Available data
--- START ---

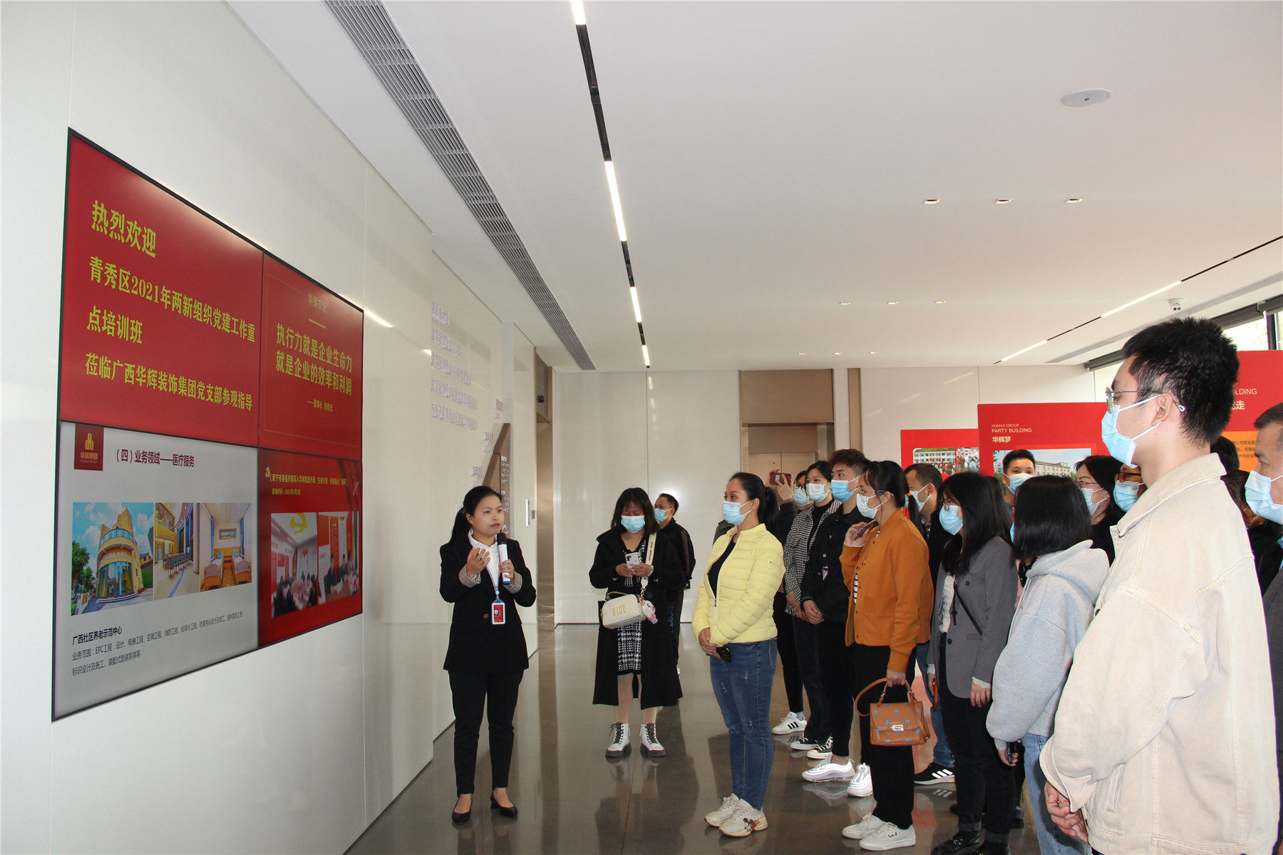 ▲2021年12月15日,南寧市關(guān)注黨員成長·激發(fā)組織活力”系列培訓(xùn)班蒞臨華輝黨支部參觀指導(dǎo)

--- END ---
--- START ---

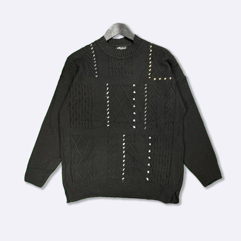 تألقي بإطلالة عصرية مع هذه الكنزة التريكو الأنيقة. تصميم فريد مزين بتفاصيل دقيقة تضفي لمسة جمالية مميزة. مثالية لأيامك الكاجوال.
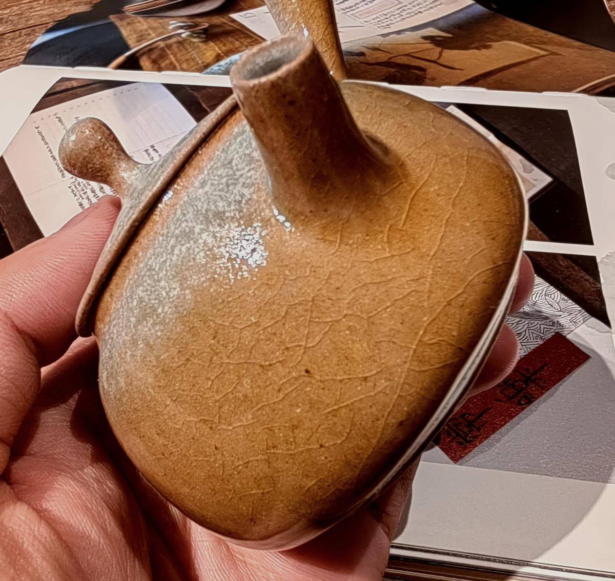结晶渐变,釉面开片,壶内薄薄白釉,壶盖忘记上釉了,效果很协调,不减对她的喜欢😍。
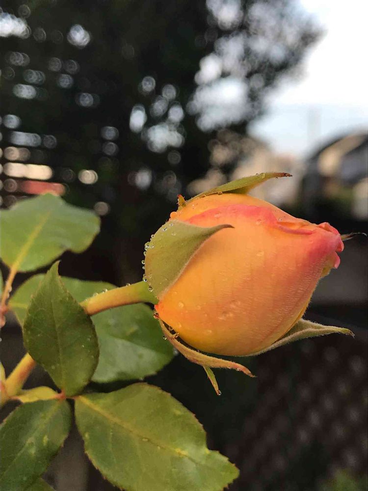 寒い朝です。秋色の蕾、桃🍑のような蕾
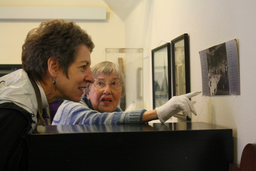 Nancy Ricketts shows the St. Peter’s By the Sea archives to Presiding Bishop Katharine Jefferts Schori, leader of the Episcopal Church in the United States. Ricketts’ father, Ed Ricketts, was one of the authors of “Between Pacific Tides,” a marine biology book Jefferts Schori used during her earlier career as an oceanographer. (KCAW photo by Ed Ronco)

--- END ---

Work item
Pictures excluded, give again exactly and only the lines of the material above from the line with "寒い朝です。秋色の蕾、桃🍑のような蕾" through the line with "Nancy Ricketts shows".

Solution for this task
 寒い朝です。秋色の蕾、桃🍑のような蕾
 Nancy Ricketts shows the St. Peter’s By the Sea archives to Presiding Bishop Katharine Jefferts Schori, leader of the Episcopal Church in the United States. Ricketts’ father, Ed Ricketts, was one of the authors of “Between Pacific Tides,” a marine biology book Jefferts Schori used during her earlier career as an oceanographer. (KCAW photo by Ed Ronco)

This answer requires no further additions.